Travel: The sacred and the sublime 

The wineries and monasteries of the Montserrat region are some of Catalonia’s greatest treasures


On of the most impressive wineries in the world is about an hour's drive from Barcelona. Here the Torres family operates 15 distinct vineyards - some are celebrated "single" vineyards of a particular grape - on 1,300 hectares, extending from the Penedes Mountains, down through a series of stepped plateaus, to the Mediterranean coast.

The Torres family has been producing wine here since 1800; the current baron is Miguel Torres. Torres runs a kind of empire, exporting wine and some spirits to 120 countries. As well as this vast spread in Spanish Catalonia, the family owns thousands of wine-producing hectares in Chile and California.

At B.C. liquor stores you can pay between $14.50 and $65 for Torres wines, the latter being a cabernet sauvignon from its Catalonian Mas La Plana vineyard. In 1970, Torres shook up the wine world when one of these Mas La Plana cab-sauvs beat out all its competitors at a kind of wine Olympiad in France. Since then it's been, well, nothing but up. At the same time, Torres has enhanced its reputation by pioneering conservation and environmental issues in Spain and abroad, even at the loss of major grape yields.
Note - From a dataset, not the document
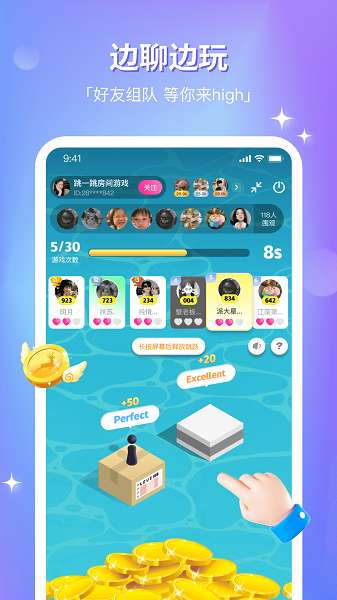 3、语音速配室:添加主题语音室(如“深夜树洞”“脱单急急令”),边听边聊,更自然。

At Torres, a mini-train ride takes visitors through lower-level vineyards and a tunnel that, with a multi-media presentation, replicates the year-round life of the estate. Our winery host, Lluis Canellas (despite his name, he's French: "In Spain they tell me it's my one flaw," he laughed), took us through tastings that included a gewürztraminer, chardonnay, cabernet sauvignon, merlot and others. Near the end of our visit (by now the conversation was pretty spirited), Canellas disappeared, eventually returning with a particularly superior vintage of the Mas La Plana. I haven't forgotten it.

From the higher reaches of the Torres estate, you can see a series of rounded sandstone spires standing alone on the plain. This is Montserrat (meaning "serrated mountain"), an important symbol and place of pilgrimage for Catalonian Spaniards.

It's an hour drive northwest from Torres to Montserrat. Up close the mountains look otherworldly, like bulbous pillars. For that reason, and the presence of crevices and caves, these mountains attracted hermits. An image of Mary is said to have been found in a cave in 880 AD. A Benedictine monastery began to take shape a century later.

Today Montserrat remains a functioning monastery with a world-famous boys' choir. It's also an impressive architectural site, reached by a funicular railway. As well, it's the base for trails and climbs to remote caves and chapels.

On the monastery level, 750 metres above sea level, with spectacular views over the plain, stands a large complex, including hotel and restaurants. An exceptional gallery features works of Impressionists and Expressionists including Picasso and Dali, but as importantly, paintings by significant but less widely known Catalan modernists - artists with names like Rusinol, Casas, Nonell and Mir.